> [DATA SHOWN]
Start of Block

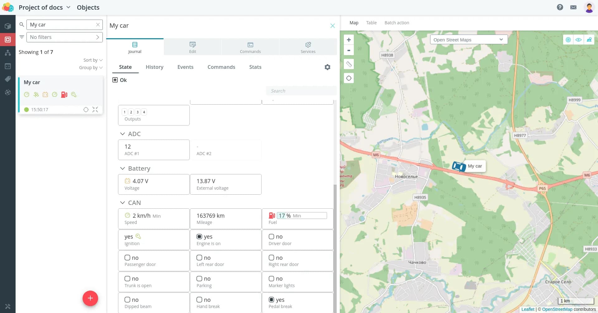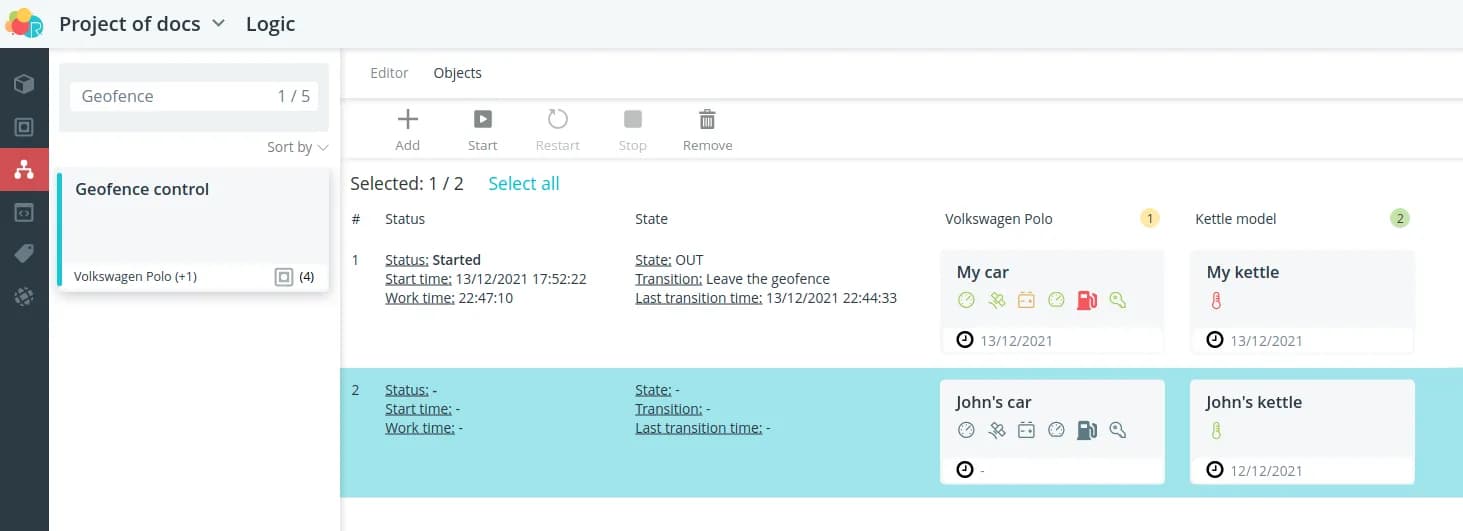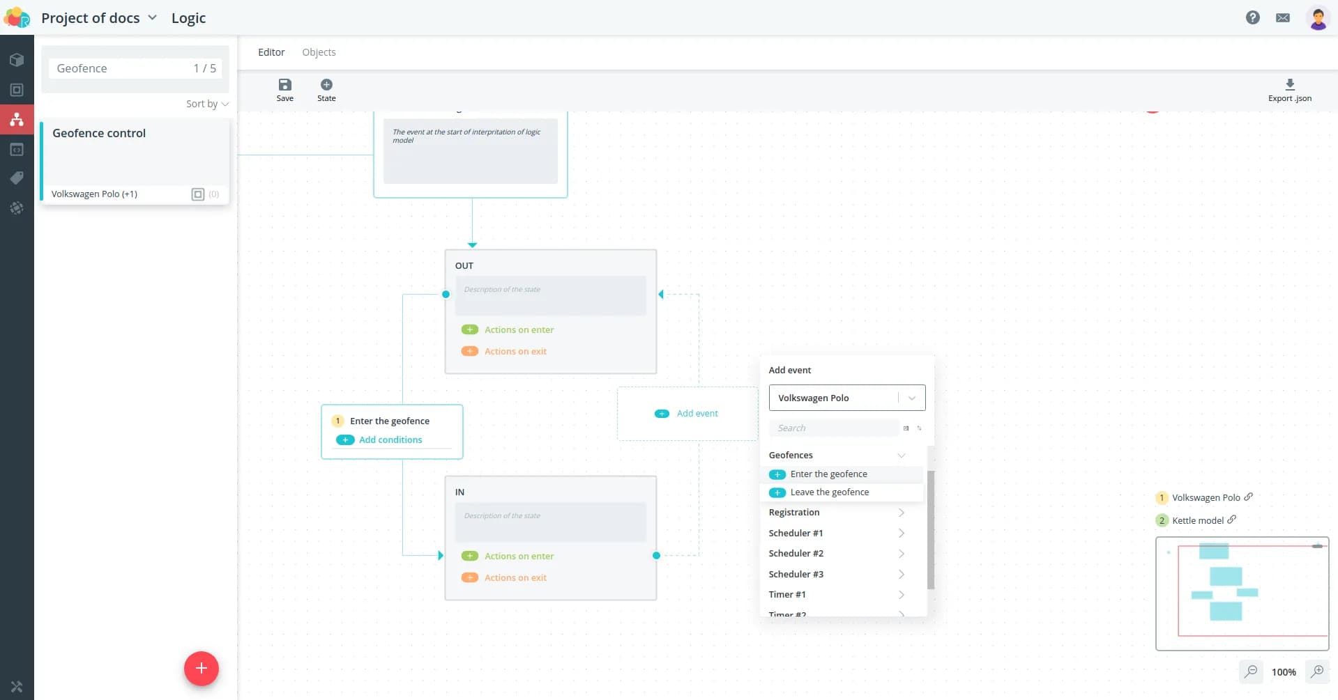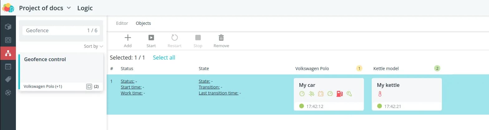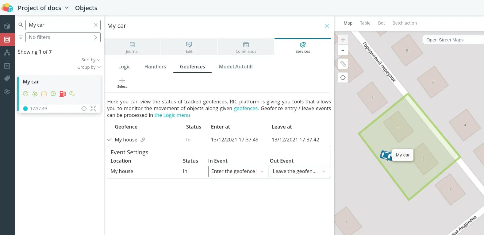 Add a geofence to the vehicle object. After receiving the actual coordinates you will see the status of being in the In/Out geofence. Here you can also see the events that are generated on entry and exit. These are the ones that were used in the the automaton.
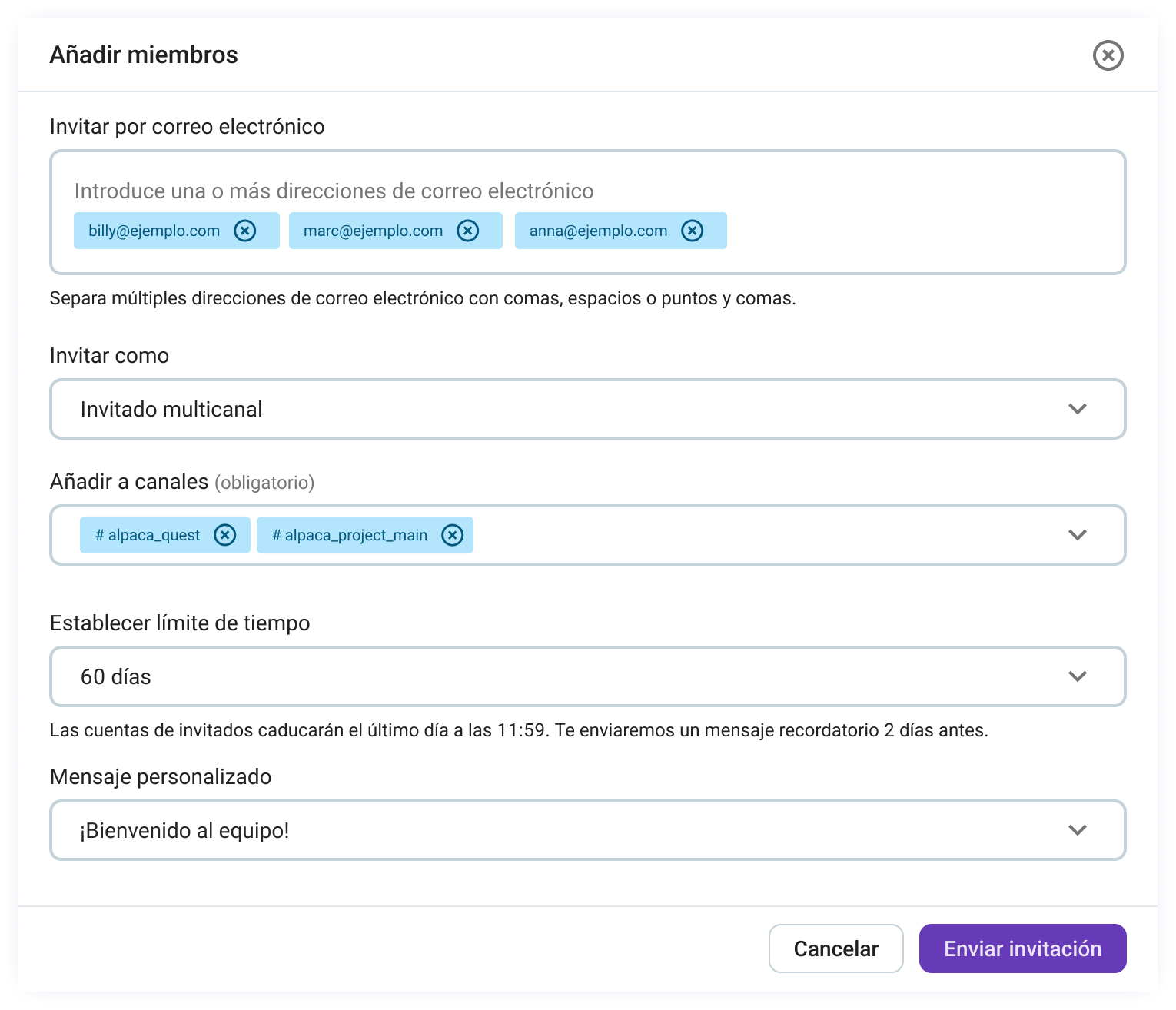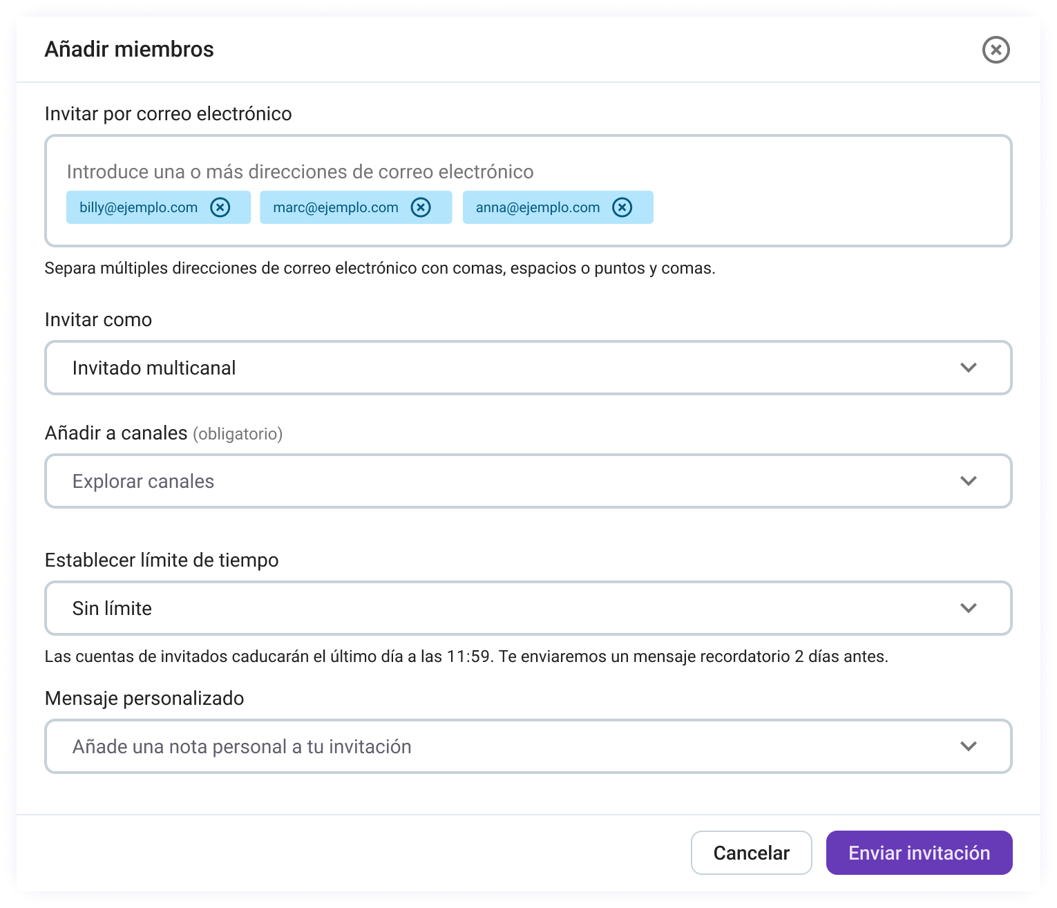 - Los canales específicos a los que pertenecen los usuarios invitados,
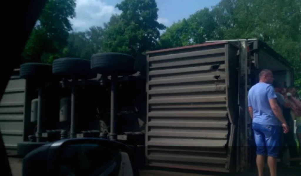 На автодороге Тула-Новомосковск, в районе населенного пункта Большая Еловая опрокинулась фура.
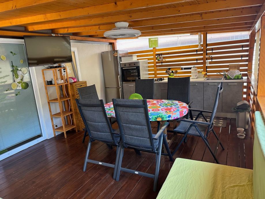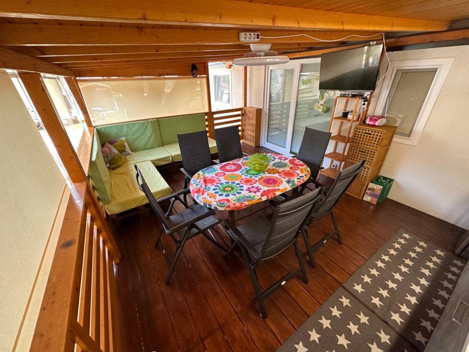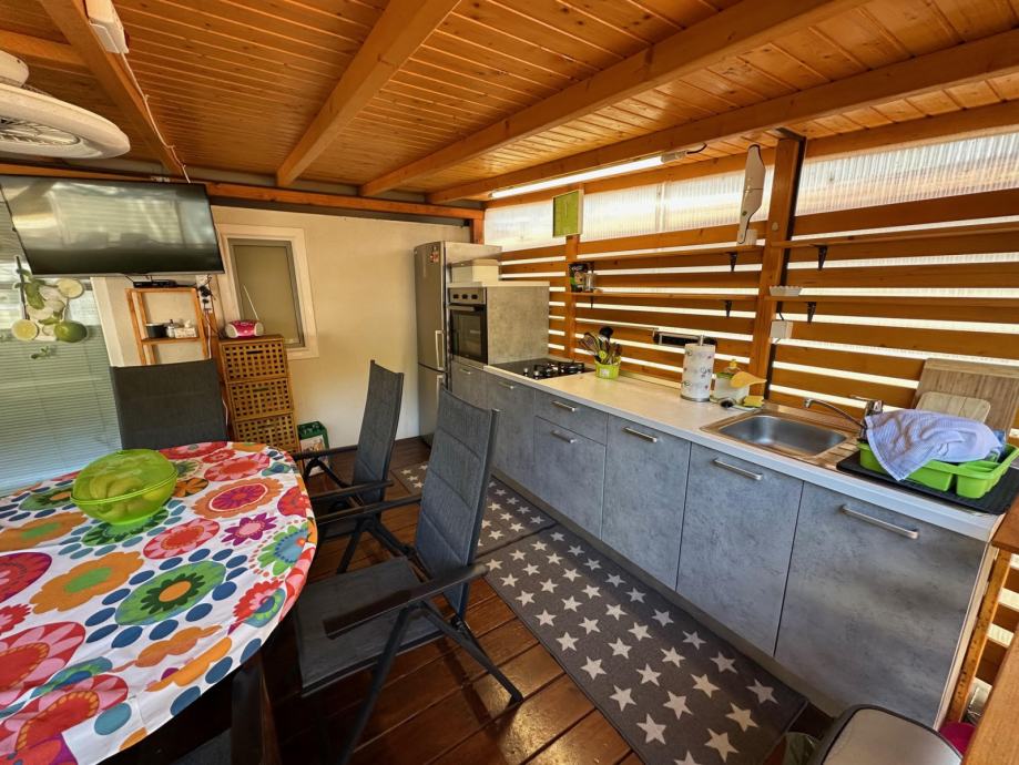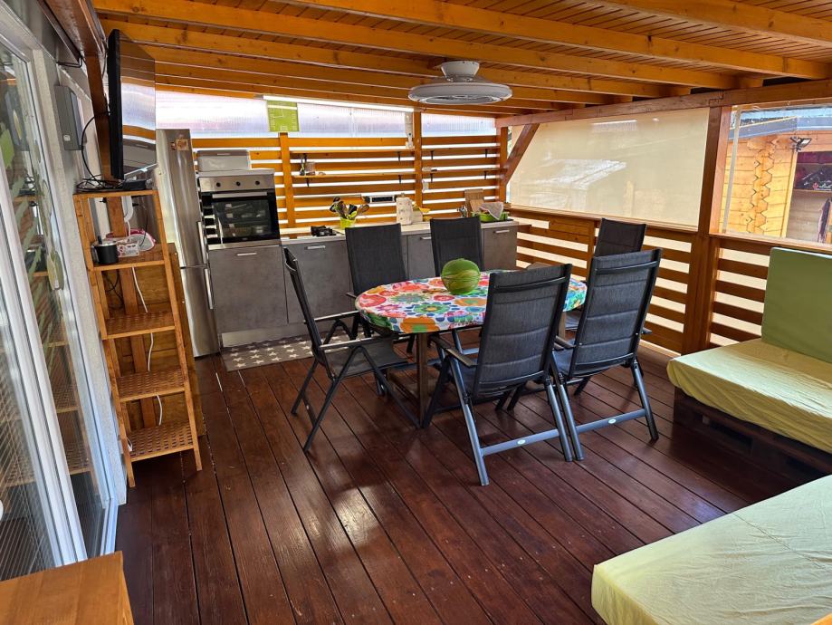 Na terasi ima veliko zunanjo kuhinjo s pečico in pomivalnim strojem, sedežno garnituro in jedilno garnituro. Hiški pripada tudi lesena uta v dimenziji 2x2 metra, v kateri je pralno-sušilni stroj in kjer je mogoče spraviti kolesa, žar, ipd.

End of Block

Go through the listing above and retype it exactly, skipping every picture.

 Add a geofence to the vehicle object. After receiving the actual coordinates you will see the status of being in the In/Out geofence. Here you can also see the events that are generated on entry and exit. These are the ones that were used in the the automaton.
 - Los canales específicos a los que pertenecen los usuarios invitados,
 На автодороге Тула-Новомосковск, в районе населенного пункта Большая Еловая опрокинулась фура.
 Na terasi ima veliko zunanjo kuhinjo s pečico in pomivalnim strojem, sedežno garnituro in jedilno garnituro. Hiški pripada tudi lesena uta v dimenziji 2x2 metra, v kateri je pralno-sušilni stroj in kjer je mogoče spraviti kolesa, žar, ipd.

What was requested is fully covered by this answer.